Problem to solve: The material below holds pictures; leave them out and reproduce exactly the lines from the one with "Bella+Canvas - Sponge" through the one with "15 Columnnea albovinosa MP", inclusive.

Available data section start

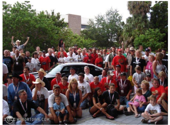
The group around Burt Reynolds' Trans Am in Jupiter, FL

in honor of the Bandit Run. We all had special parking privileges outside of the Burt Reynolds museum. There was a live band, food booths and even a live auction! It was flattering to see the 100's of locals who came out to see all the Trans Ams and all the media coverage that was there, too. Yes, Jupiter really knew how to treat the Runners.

Available data section end
Available data section start

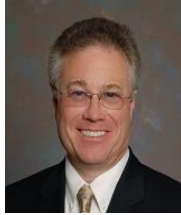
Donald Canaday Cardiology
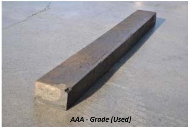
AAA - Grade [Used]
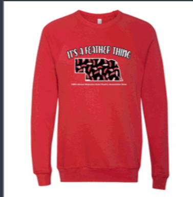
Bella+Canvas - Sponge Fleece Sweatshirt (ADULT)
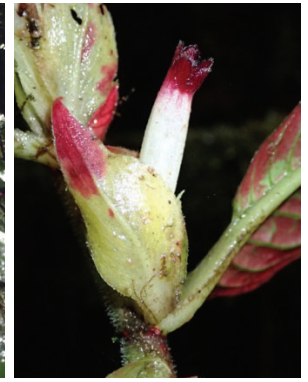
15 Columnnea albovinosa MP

Available data section end

Response:
Bella+Canvas - Sponge Fleece Sweatshirt (ADULT)
15 Columnnea albovinosa MP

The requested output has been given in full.